In our case, we want to write a lambda function that will extract the .area property from the polygon geometry and return it. The argument is therefore going to be a geometry object (let’s call it poly) and the return statement is going to be poly.area:

lambda poly: poly.area

Note that in the above snippet poly is simply the variable name and could be switched for any other valid variable name. We have simply used poly because it represents a polygon geometry, and this makes the code more readable.

By using sorted() alongside our lambda function we can therefore sort our polygons in descending order of area, and then take the first one ([0]) from the list to return the largest one (mainland GB)

# extract the largest polygon (mainland Great Britain)
gb = sorted(uk.geoms, key=lambda poly: poly.area, reverse=True)[0]

Implement the above snippet and make a temporary print() statement to test the area - if you got it right then gb should have an area of around 218183218180m².

`sorted` vs `heapq`

Last week, we used heapq to optimise sorting a list - whereas this week we are using sorted(). Here is how to decide when to use each of these approaches:

If it is a single list to which you will repeatedly add and remove elements (like with A*), then heapq is the best choice
If you are just sorting a list once, then it is as good (and a bit simpler) to use sorted()

In either case, these approaches will be much faster than implementing a sort algorithm yourself (as they are taking advantage of C code, which will run faster than Python).

Now we are ready to get going with our genetic algorithm, but first, back to the lecture…

Part 2

Constructing a genetic algorithm is surprisingly straightforward, and you can control it with a simple list of settings. In your case, they will be as below:

# settings
pop_size                = 50      	# population size
num_parents_mating      = 10      	# mating pool size (how many of the pop get to breed)
threshold               = 0.999   	# the desired precision of the result
mutation_probability    = 0.1     	# probability of a child mutating
max_mutation            = 100000.0 	# 100km max mutation

These settings say that your code will (in order):

Have a population size of 50 in each generation
Only the best 10 individuals in each generation get to ‘breed’
You will keep going until you get to within 0.001% of the perfect result (0.999)
There is a 10% (0.1) chance that an individual will mutate
Mutations will move the coordinate by up to 100km (100000m)

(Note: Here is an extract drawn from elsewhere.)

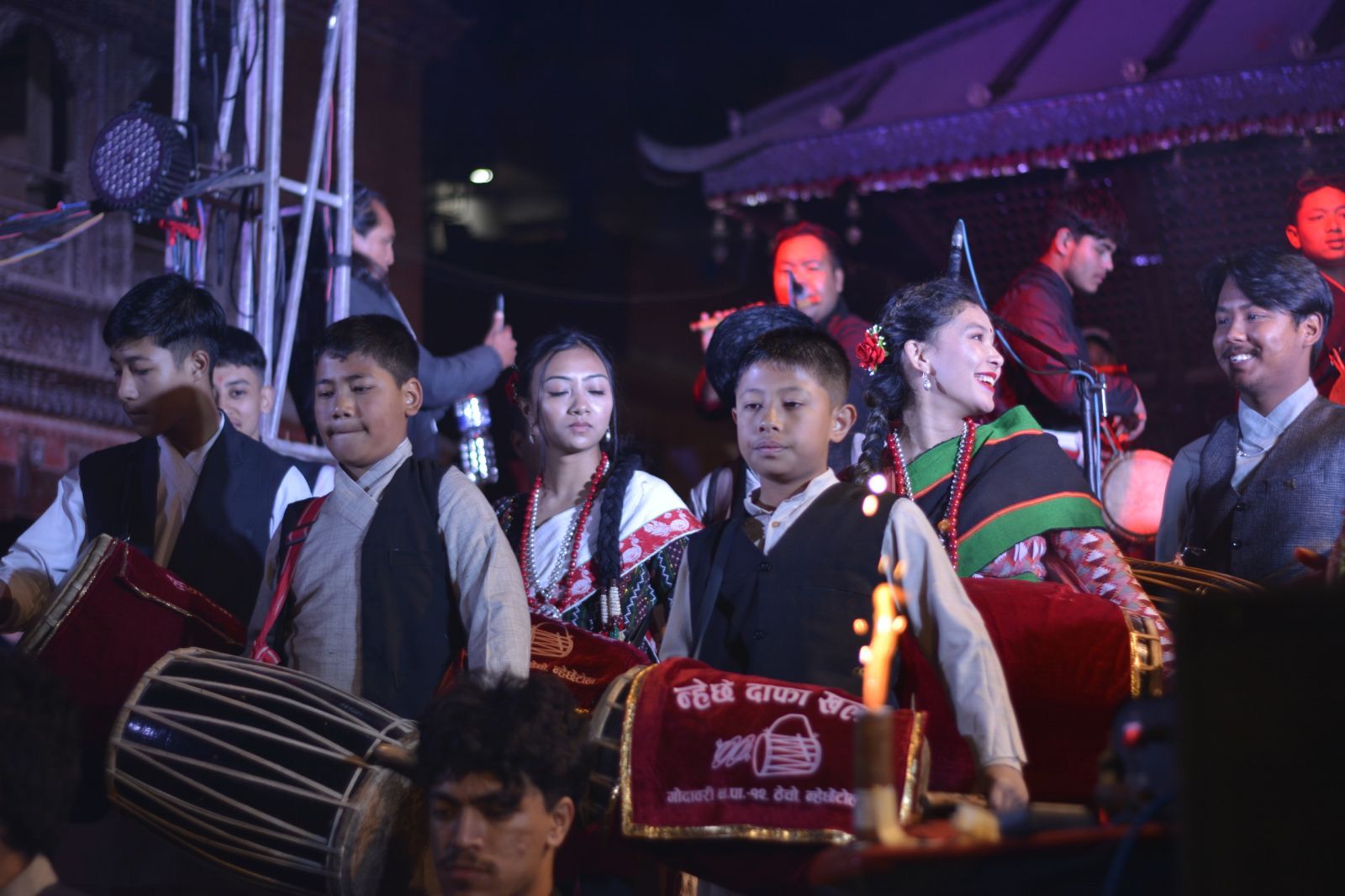 The programme featured local singers, dancers, and popular homegrown groups, including 7 Wonders Band, The Saptak Band, Sankat Band, and Newa Rhythm Band. The highlight came at the end of the event, when more than 50 musicians performed together on traditional Newa instruments such as dhimey, dhaa:, nayo khin, bhusya, khin, etc—the first time Thecho has hosted an orchestral show.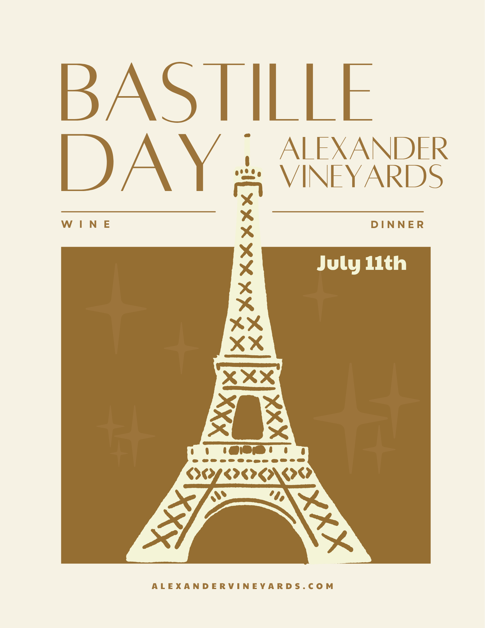 Join us for a celebration of Bastille Day at the tasting room, featuring our finest French wines and a sit down gourmet dinner!

Note that there are no ‘correct’ values for these settings. As with most types of artificial intelligence, there is a certain amount of ‘trial and error’ involved with the settings - feel free to play with them and see what happens!

Add the above variables to your code

Creating an initial population

A genetic algorithm is what we might call a stochastic algorithm, because it has random elements in it, meaning that it will not arrive at exactly the same result each time, even if the inputs are identical (as opposed to a deterministic algorithm, where the result is determined by the inputs, and so will always be the same). The weighted redistribution algorithm that you are currently working on for Assessment 2 is another example of a stochastic algorithm, as is the Agent Based Model that we will create next week.

There are several places in a genetic algorithm where we use randomness, the first of which is the initial population, which is created randomly as the first step of the algorithm. As you saw in the lecture, the approach that we are going to take for this problem is to define a random population of cutlines (lines running from East to West, along which we will cut our polygon). The ‘genes’ of each cutline are the binary strings of 0’s and 1’s that define its y coordinate, dictating where between the southern and northern-most extremes of the island they will sit.

Import the following functions from the numpy.random library

from numpy.random import randint, uniform

We are going to represent our random population using a list of objects, meaning that we can set multiple properties for each cutline. We will start by using the uniform function from the numpy.random library - you will remember this from Practical 5: Understanding Distortion.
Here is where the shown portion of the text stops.